By DAVID ALLEN
The Italian maestro Riccardo Muti leads the Chicago Symphony Orchestra on Friday and Saturday. Credit Ronald Zak/Associated Press
Our guide to the city’s best classical music and opera.
CHICAGO SYMPHONY ORCHESTRA at Carnegie Hall (Feb. 9, 8 p.m.; Feb. 10, 7:30 p.m.). Happily, contemporary music plays a significant role in the programs that Riccardo Muti leads at Carnegie this season, with each of these two concerts featuring a New York premiere. On Friday, Jennifer Higdon’s Low Brass Concerto debuts alongside Stravinsky’s “Scherzo fantastique,” Britten’s “Four Sea Interludes” from “Peter Grimes” and Chausson’s “Poème de l’amour et de la mer,” with the mezzo-soprano Clémentine Margaine. Samuel Adams’s “Many Words of Love” has its premiere at Saturday’s concert, with the overture to Verdi’s “I vespri Siciliani” and Brahms’s Symphony No. 2 also on the bill.
INTERNATIONAL CONTEMPORARY ENSEMBLE at Abrons Arts Center (Feb. 10, 7:30 p.m.). New York’s leading new-music group does a real service with its free OpenICE concerts, all constructed and performed at the highest of high standards. This time around, hear Ellen Reid’s “Push/Pull” and Rebecca Saunders’s “To and Fro,” as well as pieces by Elliott Carter, Reiko Füting, Karen Keyhani and Jonathan Dawe.
KIRILL GERSTEIN at Town Hall (Feb. 11, 2 p.m.). The cheerfully inexpensive Peoples’ Symphony Concert series presents this deft recital from this hyper-virtuosic pianist. There’s Bach and Debussy, Chopin and Brahms, and the intriguing prospect of Three Mazurkas by Thomas Adès, whose new piano concerto Mr. Gerstein will debut next year with the Boston Symphony.
LORELEI ENSEMBLE at the Church of St. Luke in the Fields (Feb. 9, 7:30 p.m.). Performing at the 5 Boroughs Music Festival, this Boston-based, all-female vocal group presents music from the very old to the very recent, with works from the Renaissance giant Guillaume Dufay included with those by David Lang, Steve Reich, Moira Smiley and six other composers.
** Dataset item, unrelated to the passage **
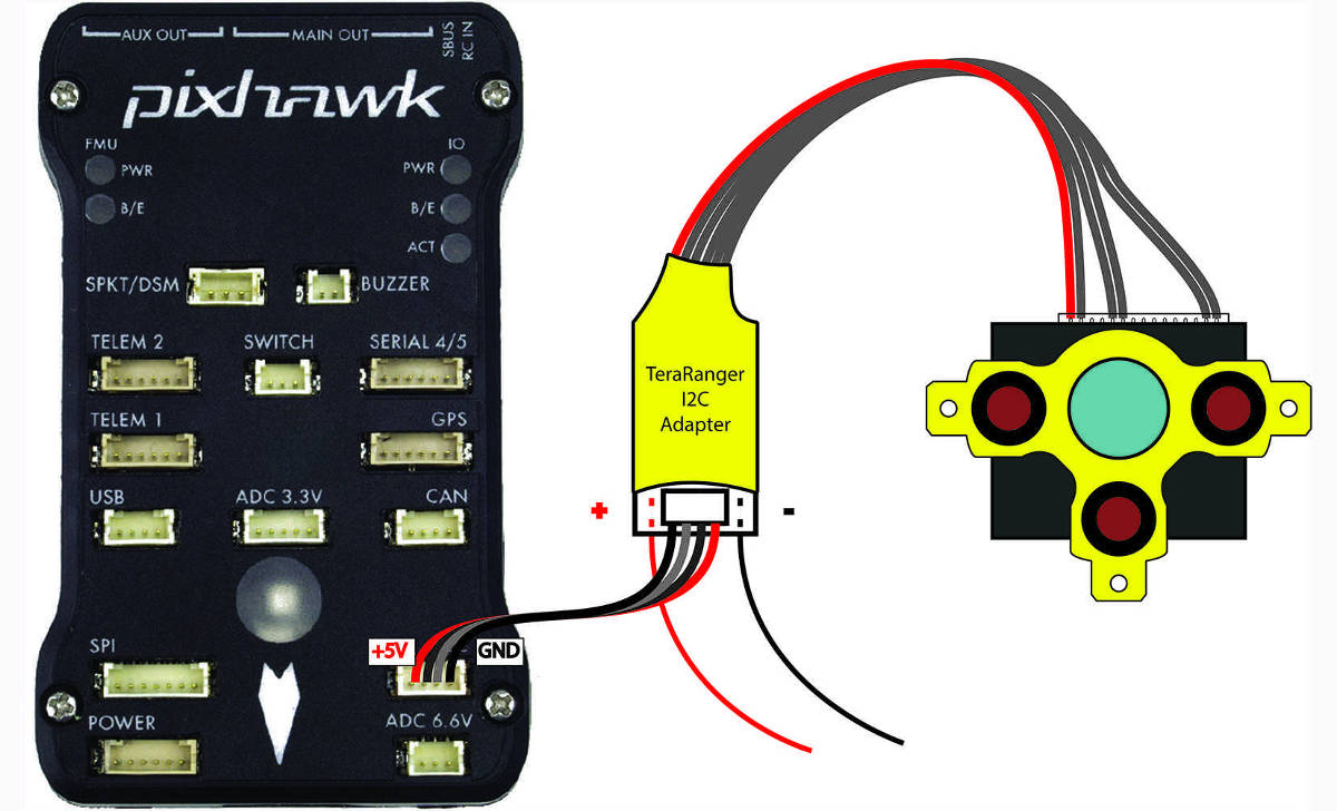 The TeraRanger One sensor can be easily connected to the Pixhawk with the TeraRanger I2C adaptor. Then it’s nearly a plug&play solution:
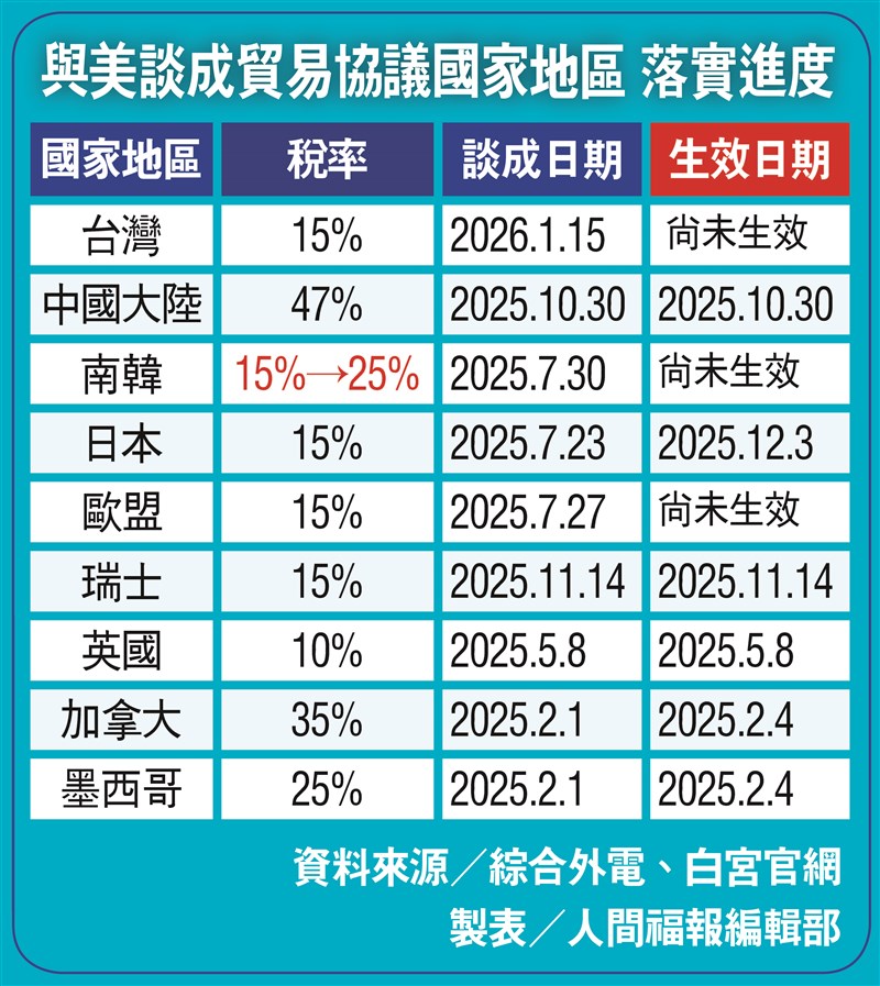 美威脅南韓 加徵關稅至25% 本報綜合外電報導 |2026.01.28 語音朗讀 22觀看次 字級 大 中 小 美國總統川普26日宣布,因南韓國會尚未通過韓美貿易協議,美國將南韓輸美汽車、木材、藥品等關稅由15%調高至25%。圖為南韓平澤港口,停滿待出口的汽車。圖/美聯社美國總統川普(左)去年10月底訪南韓,會晤南韓總統李在明。圖/美聯社與美談成貿易協議國家地區 落實進度 製表/人間福報編輯部 【本報綜合外電報導】美國總統川普26日在社群平台發文表示,由於南韓國會遲未通過韓美貿易協議並正式立法,美國將把南韓輸美汽車、木材、藥品與所有對等關稅項目稅率,由15%調高至25%。南韓執政黨說,將推動相關法案2月底前在國會過關。川普發文砲轟南韓國會,表示「我與李在明總統去年7月30日達成貿易協議,並於同年10月29日訪韓期間再次確認條款,為什麼南韓國會還沒有批准?」川普說,「南韓國會尚未制定並通過這項具歷史意義的協議,這是他們的權限。我在此宣布,增加南韓輸美汽車、木材、藥品的關稅稅率,以及所有其他對等關稅項目,稅率從15%提高至25%」。韓美去年7月談妥貿易協議,將對等關稅降至15%,並由韓方加碼對美投資3500億美元(約新台幣11兆元)。韓承諾對美投資 上半年難撥款《紐約時報》報導,白宮截至當地26日晚間尚未頒發行政命令實施對韓新稅率。路透報導,目前尚不清楚這波關稅調升何時生效。川普過去曾對其他國家威脅提高關稅,但有時延後執行或最後並未實施。南韓總統府青瓦台表示,「美國政府尚未發出正式通知,也未對細節作出說明」,政府將召開緊急會議,並派產業部長金正官赴華府與美國商務部長盧特尼克協商,同時將密切協調國會通過相關立法。南韓財政部27日也回應說,「目前正在掌握美方的意向」,並稱「將向美方說明南韓國會法案討論的進展等,並與美國政府保持溝通」。財政部長具潤哲表示,韓方並非刻意拖延投資,而是仍在篩選計畫並完成必要程序,考量選址、設計與審批流程所需時間,今年上半年恐難以撥款。市場方面,川普關稅威脅一度衝擊南韓汽車股,現代與起亞早盤急挫後跌幅分別收斂至0.51%和1.61%,而整體股市反應相對平穩,南韓綜合股價指數(KOSPI)上漲2.26%,報創新高的5061.56點。川普宣布南韓關稅由原本的15%調高至25%,引發國際關注。總統賴清德昨在節目專訪上呼籲在野黨能給予支持,直言政黨競爭難免,但不要「焦土政策」。賴總統談到,台灣在談判過程中投入大量心力,做足準備並與產業界共同提出方案,最終獲得此一成果。他呼籲國會支持,避免變數,「不然美國是很可能將本來的15%關稅,提高至25%,甚至更高」。防美變卦 賴總統籲國會支持 立法院長韓國瑜今天將召集朝野黨團協商,討論「行政院長卓榮泰針對台美關稅談判進程、產業衝擊影響評估等面向,進行專案報告」公決案,預料在野黨可能會要求卓榮泰盡快赴立院說明,讓國人了解談判進度。台灣美國商會執行長魏凱表示,若南韓的關稅真的提高到25%,台灣企業會更有競爭力;台灣美國商會理事長陳幼臻說,不樂見看到台灣也發生跟南韓一樣的狀況。淡大戰略所教授兼所長李大中說,台、韓狀況不盡相同,南韓執政黨立場認為可透過通過《赴美投資特別法》,間接落實韓美談判結果,但在野黨主張必須送到國會審查,因此陷入僵局;至於台灣,《台美對等貿易協定》還沒最後簽署,政府應對立院提供詳盡說明。 前一篇文章 台電終止3年虧損 2025年估賺逾600億元 下一篇文章 習近平會芬蘭總理 稱大國要講平等法治 熱門新聞 01【研朱札記】《臺灣文學》的 誕生地──山水亭2026.01.2702聯合國示警 全球水資源破產2026.01.2203吃素好體力 霍諾德登頂101 2026.01.2604佛光山職員歲末聯誼 祈願和諧共生2026.01.2405【分享時刻】我如何從潑墨走回工筆2026.01.2206澤倫斯基瑞士演說 控俄飛彈含台灣零件 2026.01.2407【海闊天空】廢墟中重建 塵土之上的伊拉克2026.01.2408【文化遺產】世界最大石雕佛像──樂山大佛2026.01.2309金光明寺送暖 音樂饗宴12年不輟2026.01.2310人間佛教讀書會培訓 南非學員在地深耕2026.01.22 訂閱電子報 台北市 天氣預報 台灣一週天氣預報 相關報導 習近平會芬蘭總理 稱大國要講平等法治漂浮農田 永續糧食解方吃素好體力 霍諾德登頂101 美新國防戰略未提台灣 抗中非優先任務印度減廢 塑膠垃圾抵學費 澤倫斯基瑞士演說 控俄飛彈含台灣零件 作者其他文章英捕鼠大臣 險絆倒波蘭總統攝影師足球好手 挑球28小時不落地創紀錄一站式科研船 把深海生態變親民川普揚言祭100%關稅 卡尼揭意圖 歷時20年 歐盟、印度達成自貿協定高市背水一戰:眾院沒過半就下台 習川熱線 傳聚焦台灣軍援軍售、TikTok議題

NEW YORK PHILHARMONIC at David Geffen Hall (Feb. 14, 7:30 p.m., through Feb. 17). Jaap van Zweden has made something of a name for himself with his ongoing Wagner recordings with the Hong Kong Philharmonic on Naxos, and it is Wagner with which he returns to conduct the orchestra that he formally takes over next season. He is joined by Heidi Melton, Simon O’Neill and John Relyea for the first act of “Die Walküre.” Wagner’s opera is prefaced in the “Ring” by a tale of the rape of nature, and environmental themes have been crucial to the recent work of the composer John Luther Adams. His “Dark Waves,” in effect the predecessor of the immense “Become Ocean,” acts as the prelude here.
DOROTHEA RÖSCHMANN at Zankel Hall (Feb. 13, 7:30 p.m.). Core repertoire from this sophisticated soprano, singing with that ideal accompanist Malcolm Martineau. Wagner’s “Wesendonck Lieder” and Mahler’s “Rückert Lieder” make for a fine pairing. Here, they come with five songs by Schubert and Schumann’s “Gedichte der Königin Maria Stuart.”
ALEXANDRE THARAUD at Zankel Hall (Feb. 15, 7:30 p.m.). Just the one work here from the thoughtful French pianist, but one that needs no added extras: Bach’s “Goldberg Variations,” a piece that Mr. Tharaud recorded sensitively, and for which he received some acclaim, three years ago.